[Items listed in a dataset]
--------------------------------
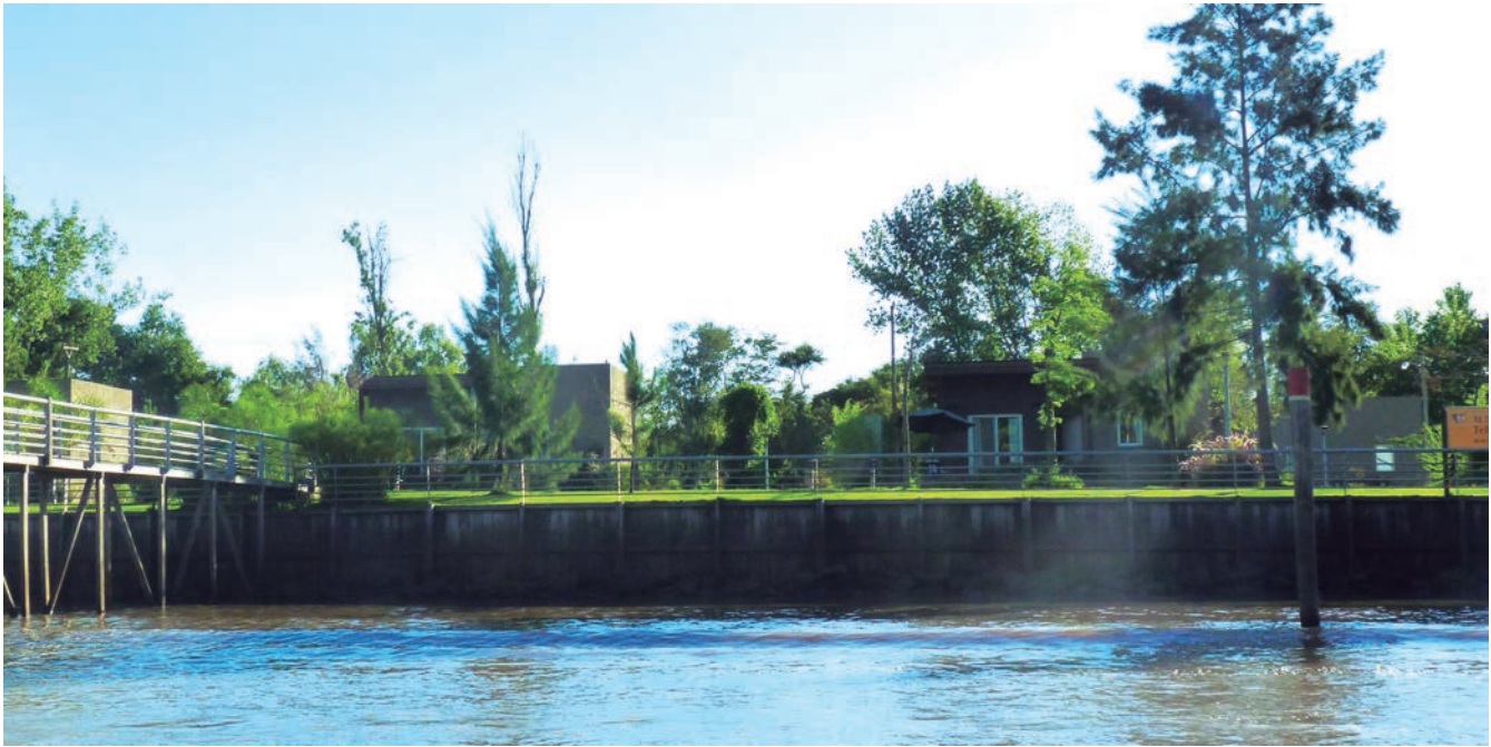
Figura 5. Complejos turísticos de cabañas en las islas

fía y la biodiversidad sino que también generan un movimiento de personas con niveles socioeconómicos y culturales diferentes al característico de la zona. Otro resultado del impacto de las nuevas dinámicas poblacionales, es la situación de contraste que tiene lugar entre la primera y segunda sección de islas, pertenecientes a los municipios de Tigre y San Fernando, respectivamente.
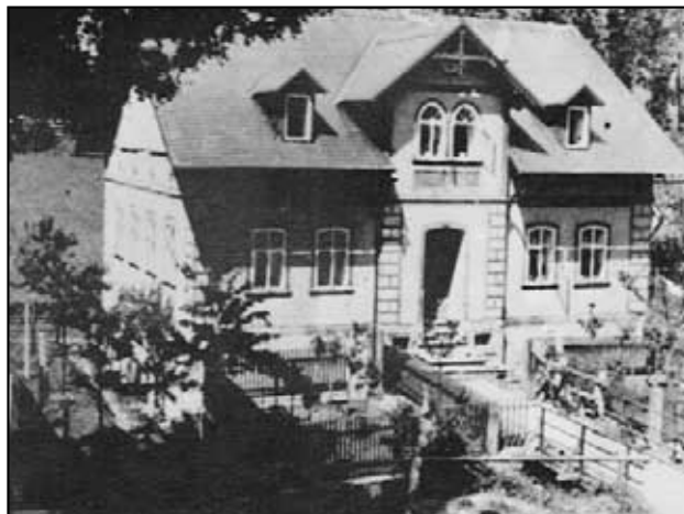
Petrovice č.p. 299 - rodný dům Franze Kühnela.
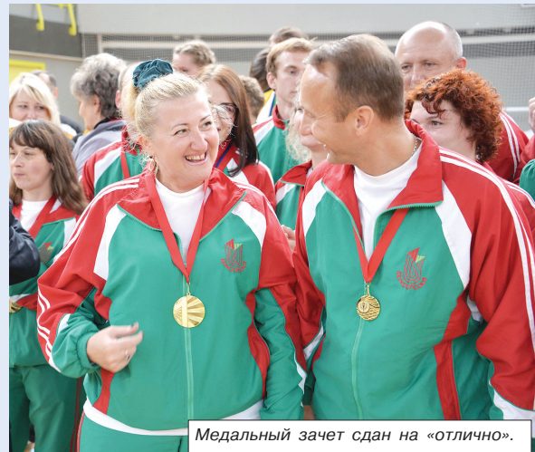
Медальный зачет сдан на «отлично».
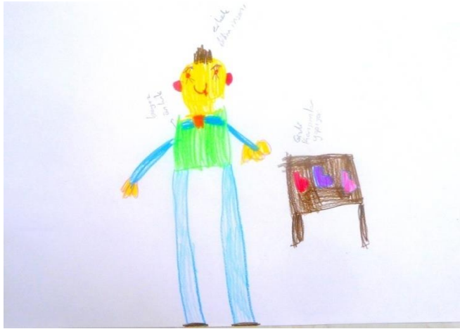
Şekil 5. Ç20 kodlu çocuğun yaptığı bilim insanı konulu resim

Ç61 kodlu çocuğun bilim insanı kavramına yönelik algısını belirlemek için ona yaptırılan resimde birden fazla ve farklı cinsiyetlerde bilim insanları bulunmaktadır. Resimdeki bilim insanları beyaz gömlek giymektedirler ve kendilerine ait kapalı bir çalışma odaları vardır. Ayrıca yapılan resimde bilgisayarlar, kamera ve masalar bulunmaktadır.
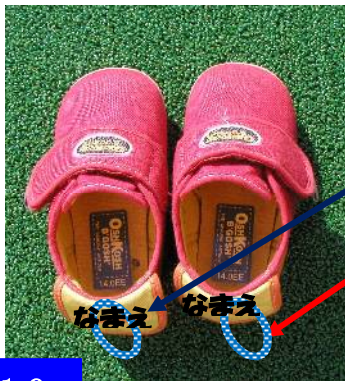
写真 1 0
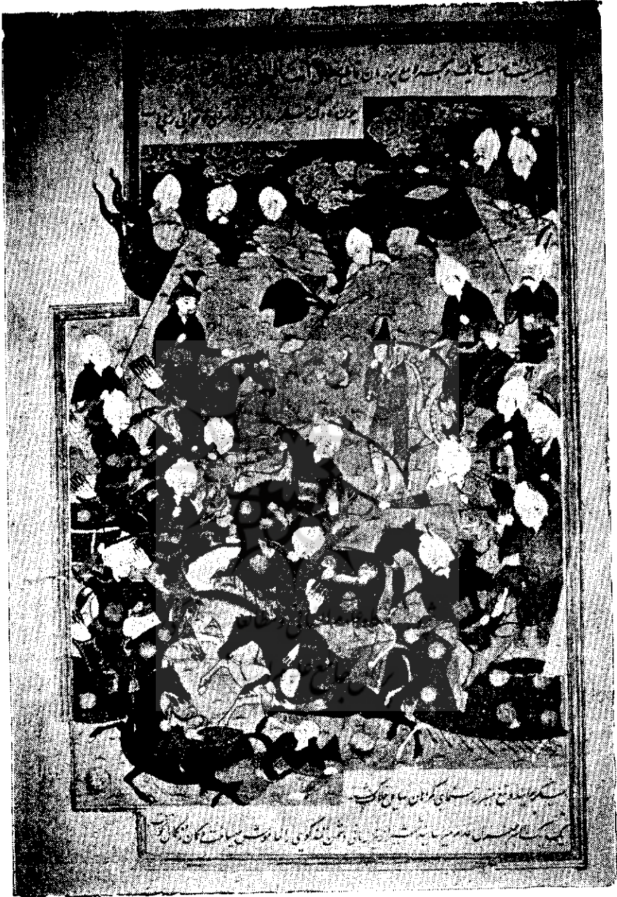
تصویر جنک شاه طهماسب با عیب‌داله خان از بک
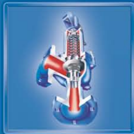
SAFE 903 Weichdichtung für Heizung
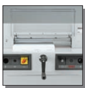
Carter de protection avant
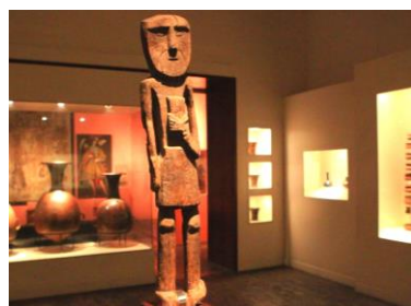
LIMA CITY TOUR & MUSEO LARCO
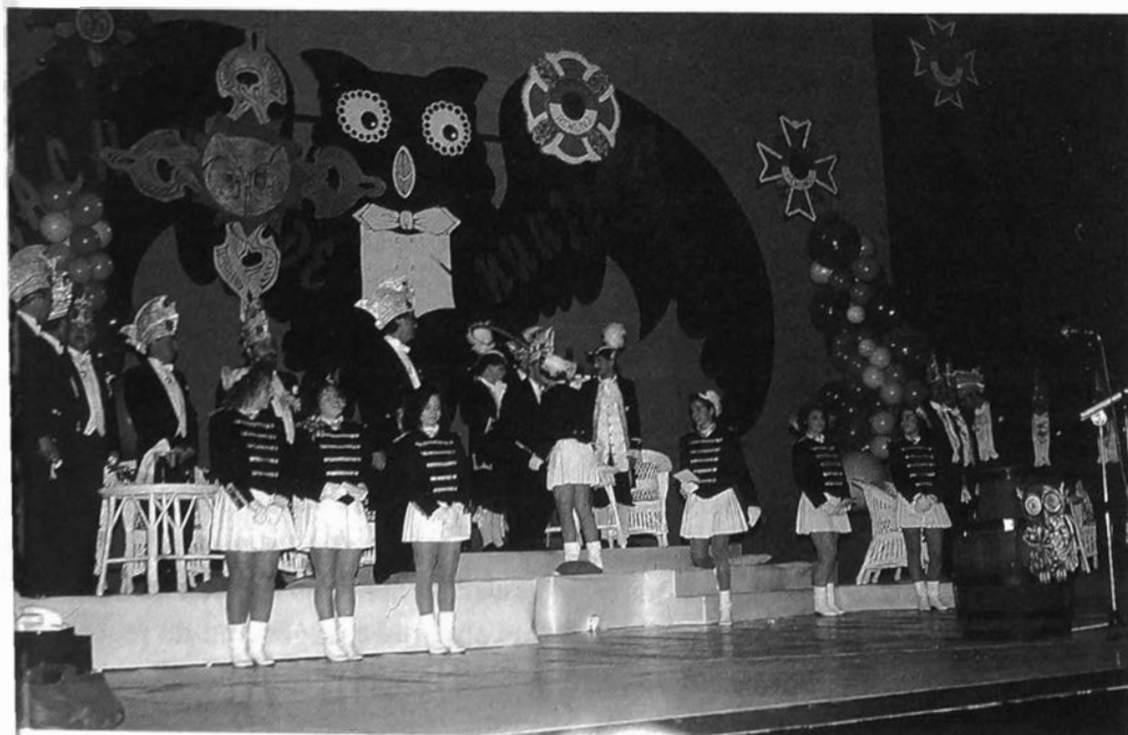
De damesgarde van D'n Uul tijdens de uitverkiezing van de nieuwe Prins. (1990)
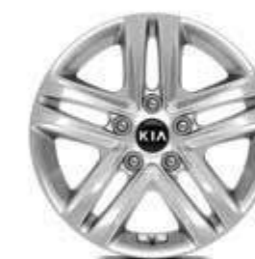
16" aluminium velgen met 205/55 banden
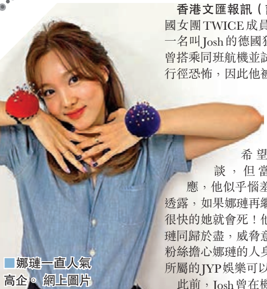
娜璉一直人氣高企。網上圖片
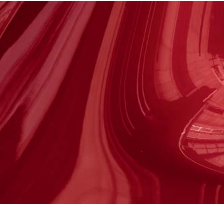
Soul Red Crystal
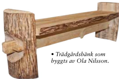
• Trädgårdsbänk som byggts av Ola Nilsson.

Ola att bygga. Solosågen har uppdaterats med en elsåg.
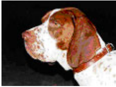
Mucosas con arreglo a la capa

La tradición también ha marcado las preferencias de ubicación de las manchas, pues se prefieren ejemplares que agrupen las manchas o placas en el plano dorsal, en cabeza, espalda, lomo o grupa.
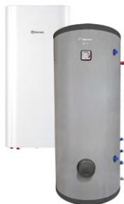
Комбинированные (косвенные) водонагреватели
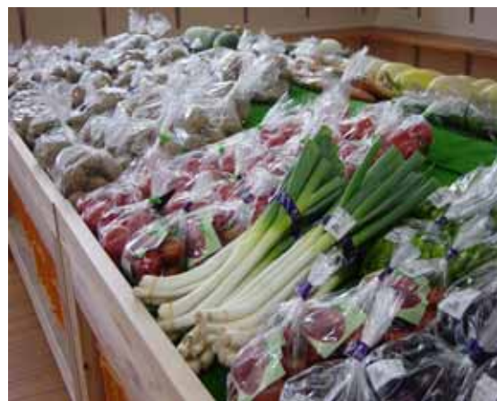
【ミネラル農産物直売コーナー（道の駅内）】
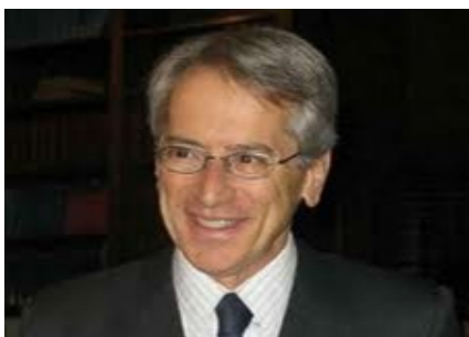
Giulio Terzi di Sant'Agata Ministre des Affaires étrangères de la République italienne

Dans quelle mesure le Programme de coopération transfrontalière Italie Tunisie s'avère complémentaire aux priorités identifiées au niveau national dans la coopération bilatérale avec la Tunisie?
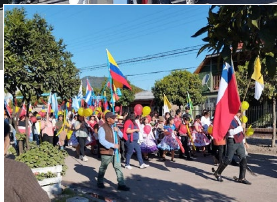
Con una colorida procesión los fieles de la parroquia de Nancagua rindieron homenaje a su patrona.

Con globos, banderas y mucha alegría los fieles celebraron por las calles de Nancagua a su patrona la Virgen de La Merced. También hubo bailes folclóricos y la Santa Misa.
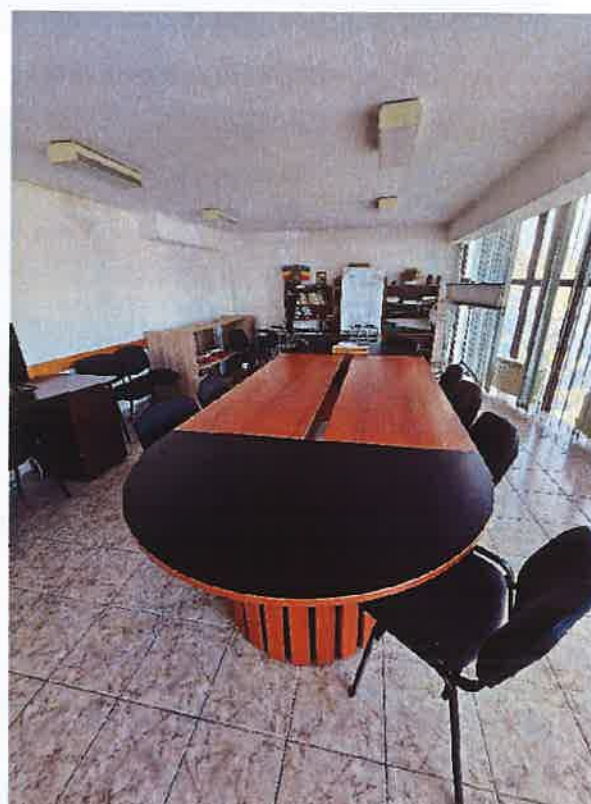
*Sala de activități

Domeniul privind prevenirea torturii în locurile de detenție și a altor pedepse ori tratamente crude, inumane sau degradante – MNP
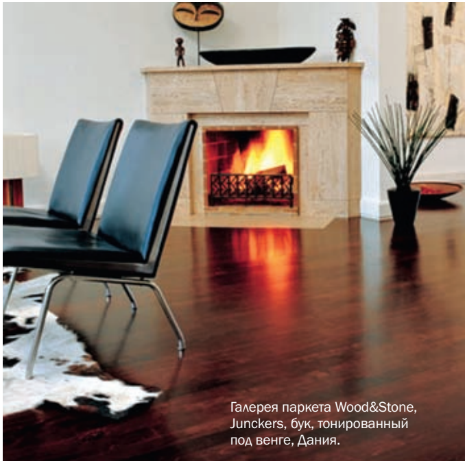
Галерея паркета Wood&Stone, Jupskers, бук, тонированный под венге, Дания.

холодов предпочтение отдается паркету светлых солнечных оттенков. В любом случае подходящий вариант можно найти всегда.
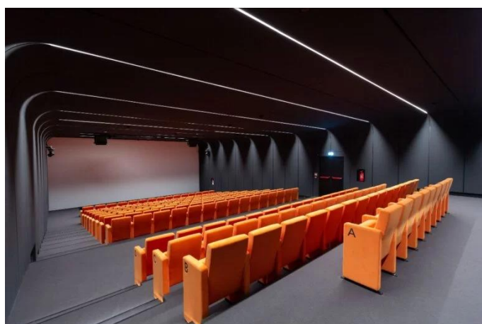
MEET Milano (spazio Oberdan) Studio e Progetto di correzione acustica del Auditorium
--------------------------------
§ WHAT THE TASK REQUIRES
Wherever "kodlu" turns up in the records, copy the whole line.

§ RESULT
Şekil 5. Ç20 kodlu çocuğun yaptığı bilim insanı konulu resim
Ç61 kodlu çocuğun bilim insanı kavramına yönelik algısını belirlemek için ona yaptırılan resimde birden fazla ve farklı cinsiyetlerde bilim insanları bulunmaktadır. Resimdeki bilim insanları beyaz gömlek giymektedirler ve kendilerine ait kapalı bir çalışma odaları vardır. Ayrıca yapılan resimde bilgisayarlar, kamera ve masalar bulunmaktadır.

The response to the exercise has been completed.